(Entries taken from a collection)

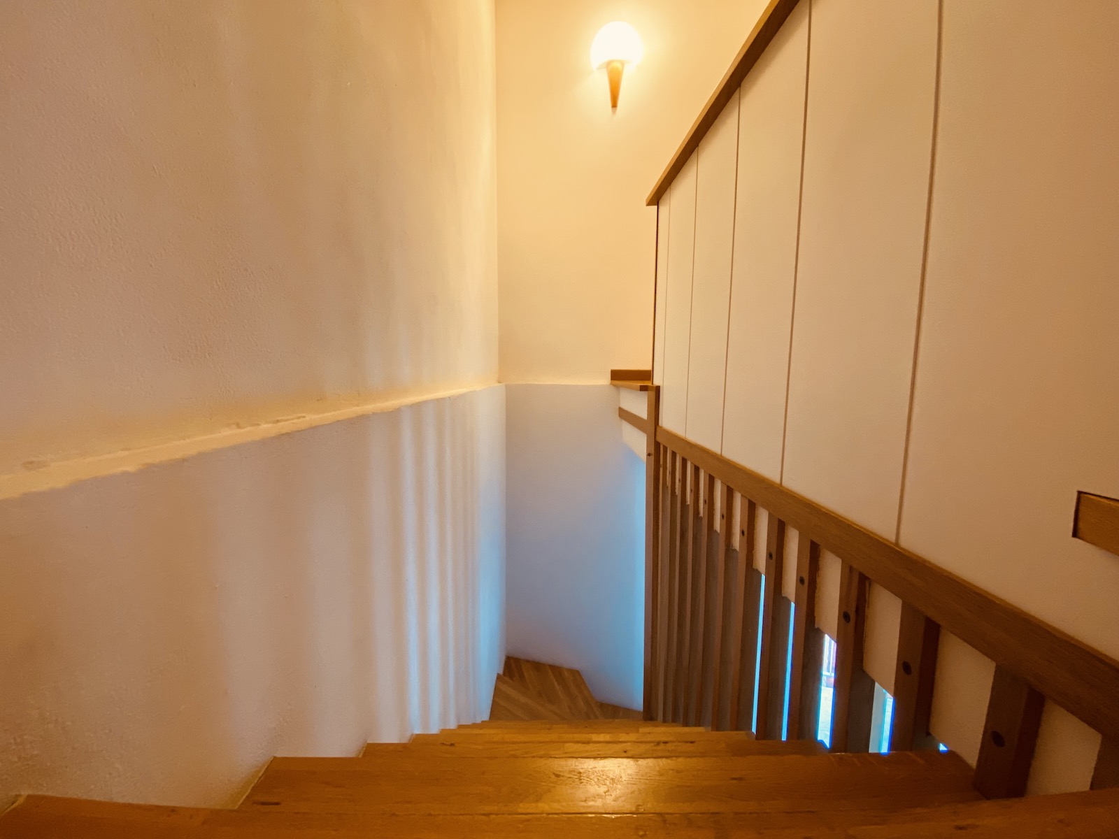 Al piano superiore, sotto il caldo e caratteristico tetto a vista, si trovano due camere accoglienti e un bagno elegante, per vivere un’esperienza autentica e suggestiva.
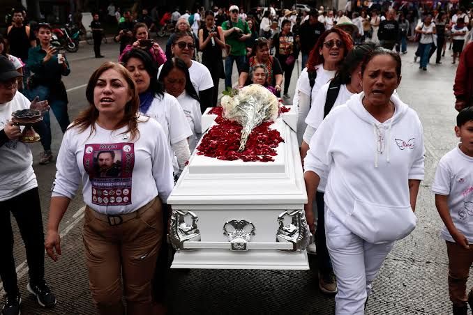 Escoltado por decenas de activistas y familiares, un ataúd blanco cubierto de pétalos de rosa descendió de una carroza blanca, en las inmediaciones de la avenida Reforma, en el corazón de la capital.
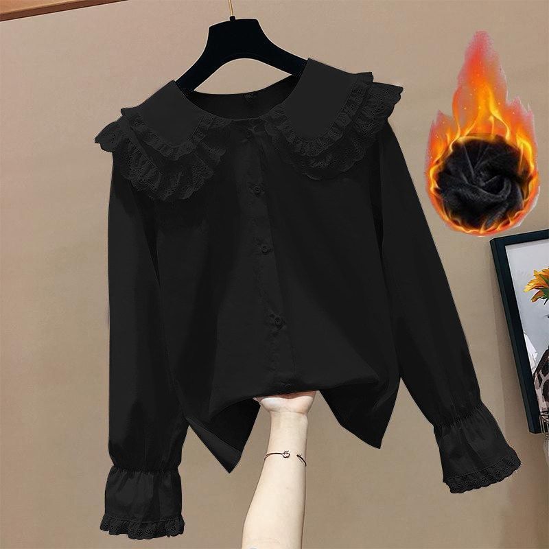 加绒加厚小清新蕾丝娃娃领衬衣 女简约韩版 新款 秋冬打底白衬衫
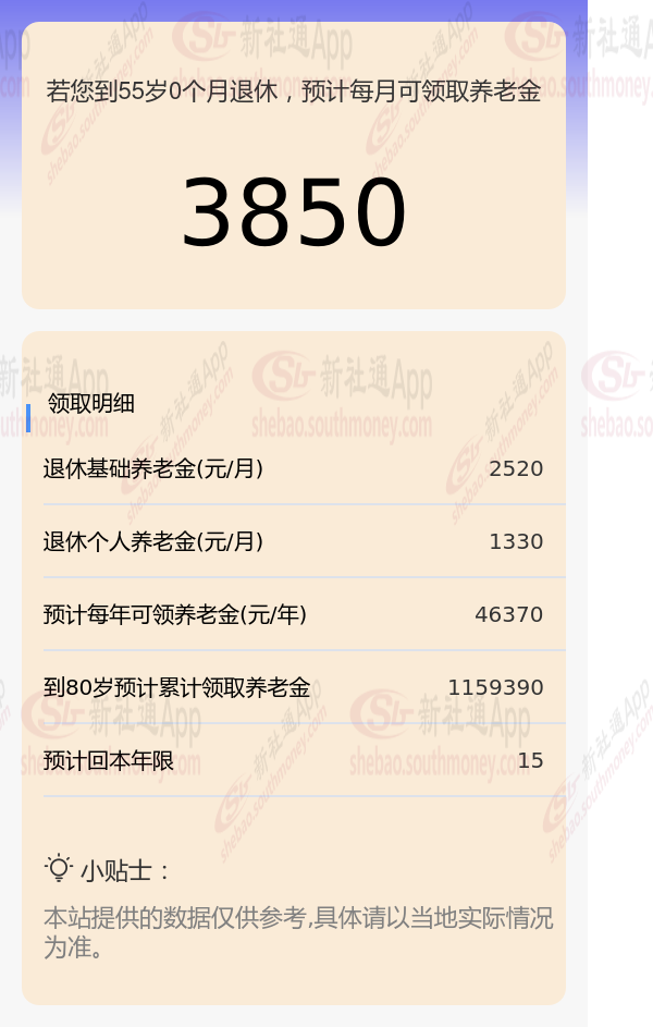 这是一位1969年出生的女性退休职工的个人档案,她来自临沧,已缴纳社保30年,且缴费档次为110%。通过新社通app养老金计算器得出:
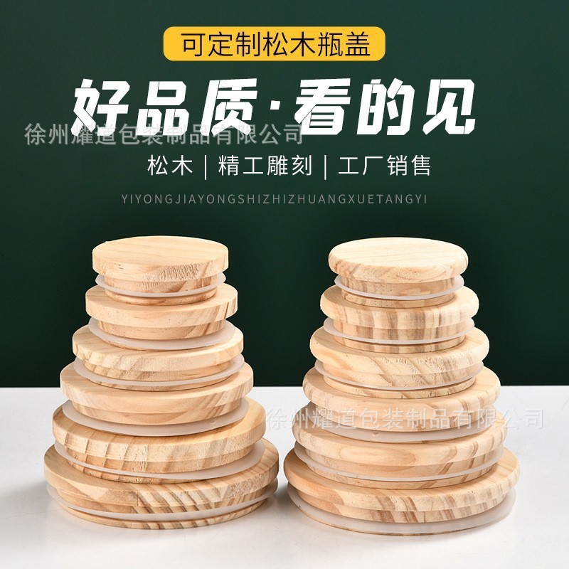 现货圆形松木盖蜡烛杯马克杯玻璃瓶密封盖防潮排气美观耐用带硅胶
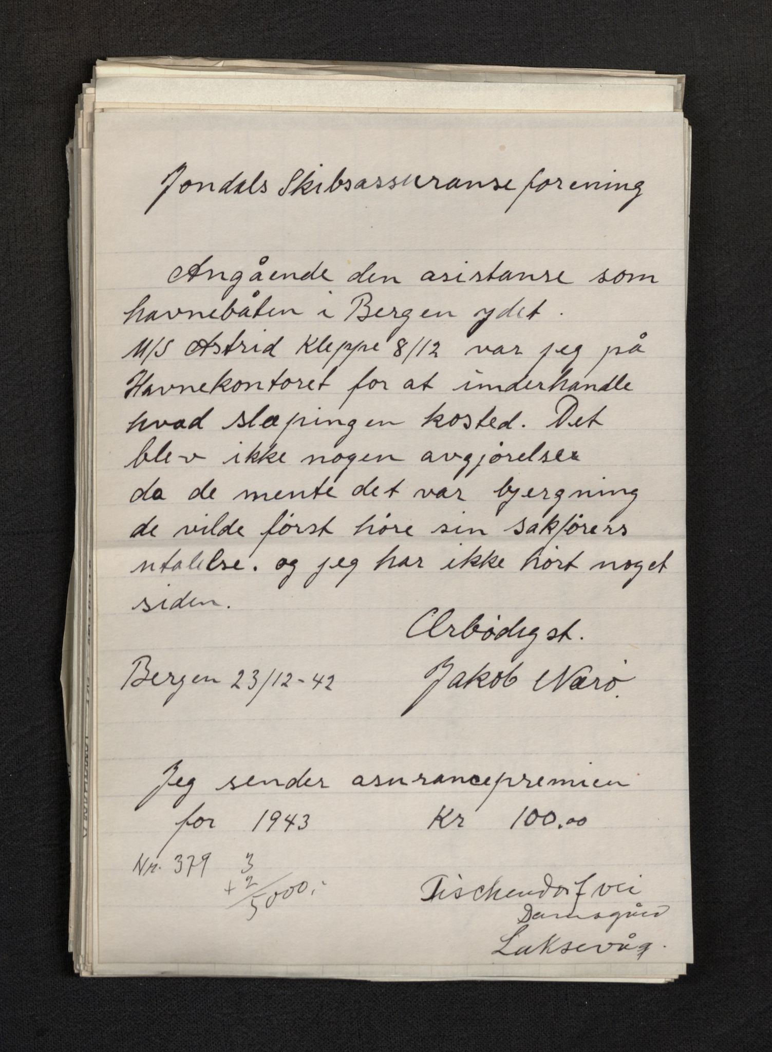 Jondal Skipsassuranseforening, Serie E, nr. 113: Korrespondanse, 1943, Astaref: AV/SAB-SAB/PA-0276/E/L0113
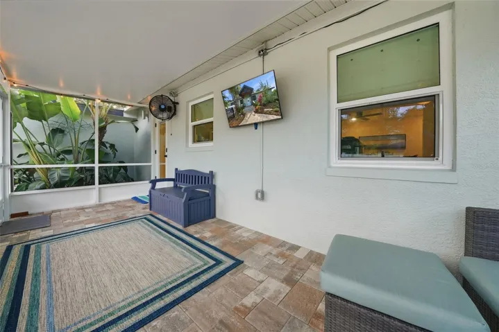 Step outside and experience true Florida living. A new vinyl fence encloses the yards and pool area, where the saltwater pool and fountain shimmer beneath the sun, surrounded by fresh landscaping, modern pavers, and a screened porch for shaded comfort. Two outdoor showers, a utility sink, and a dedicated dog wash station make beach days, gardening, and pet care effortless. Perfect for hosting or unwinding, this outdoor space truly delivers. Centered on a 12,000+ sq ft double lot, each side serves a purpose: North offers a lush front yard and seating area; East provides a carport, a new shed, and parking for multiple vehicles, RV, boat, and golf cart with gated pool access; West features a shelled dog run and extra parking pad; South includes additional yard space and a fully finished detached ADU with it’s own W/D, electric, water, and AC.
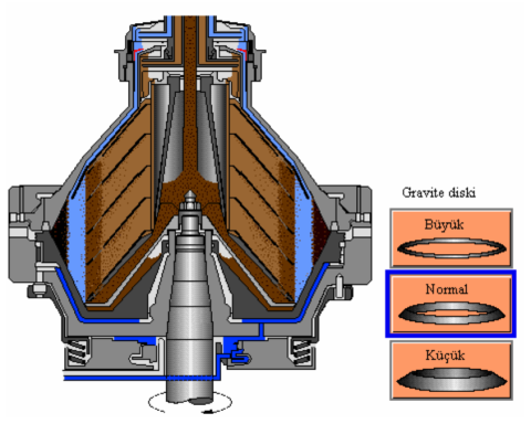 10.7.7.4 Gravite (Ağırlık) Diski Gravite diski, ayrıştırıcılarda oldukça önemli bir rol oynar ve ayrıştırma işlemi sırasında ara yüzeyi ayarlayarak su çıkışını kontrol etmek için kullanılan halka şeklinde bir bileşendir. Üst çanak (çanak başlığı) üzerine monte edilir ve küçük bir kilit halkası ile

• **REQUIRED WORK**
In the records above, find the line containing "Escoltado por decenas" and the line containing "加绒加厚小清新蕾丝娃娃领衬衣 女简约韩版 新款 秋冬打底白衬衫", then give both of them again word for word along with every line between. Omit any pictures.

• **COMPLETED TASK**
 Escoltado por decenas de activistas y familiares, un ataúd blanco cubierto de pétalos de rosa descendió de una carroza blanca, en las inmediaciones de la avenida Reforma, en el corazón de la capital.
 加绒加厚小清新蕾丝娃娃领衬衣 女简约韩版 新款 秋冬打底白衬衫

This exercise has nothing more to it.